13 June 2018
1. Disclosure will no longer be so wide ranging
The standard approach to disclosure that has been in place since 1999 will be replaced with a tailored approach. The scope of disclosure will be limited to what the parties and the court agree is appropriate to the value and complexity of the case. This will require parties to exchange information about available documents much earlier in the case but it should enable the parties to limit the cost of disclosure in many cases to more proportionate levels.
This approach brings English civil procedure closer to the civil law tradition and to recent developments in the international arbitration field where tailored disclosure is encouraged in order to reduce costs and limit “fishing expeditions” where huge amounts of time and costs are often expended in seeking documents from a counterparty.

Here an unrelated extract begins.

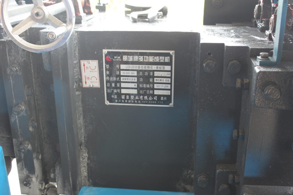這款LCK-25/30多功能側石二工位條紋成型機,其主要功能是對澆筑成型的水泥模具進行二次加工成型,其機器總功率為22.05KW,其傳送形式為調頻帶式步進,電源使用的標準為3N-50HZ 380V。

In many commercial cases, new court rules will require the parties to prepare detailed budgets of costs early in the case. The court will have the power to actively manage the costs, and if it does so, the parties will have to run the case according to their budgets or seek the court’s approval for any variation. The budget will act as a limit on recoverable costs.
3. Compliance with court orders
Stricter compliance with court orders and the court timetable will be enforced. Repeated disobedience of court orders will be less likely to be forgiven and offending parties will be at risk of having their case struck out or an immediate costs penalty imposed.
These changes form part of a wider reform of the civil justice system England that will alter the way commercial cases are funded and resolved. Although they inevitably introduce some uncertainty as the new rules settle down, the prospects are there for those who genuinely want a swift and cost effective resolution to their disputes as it may make litigating a more affordable option.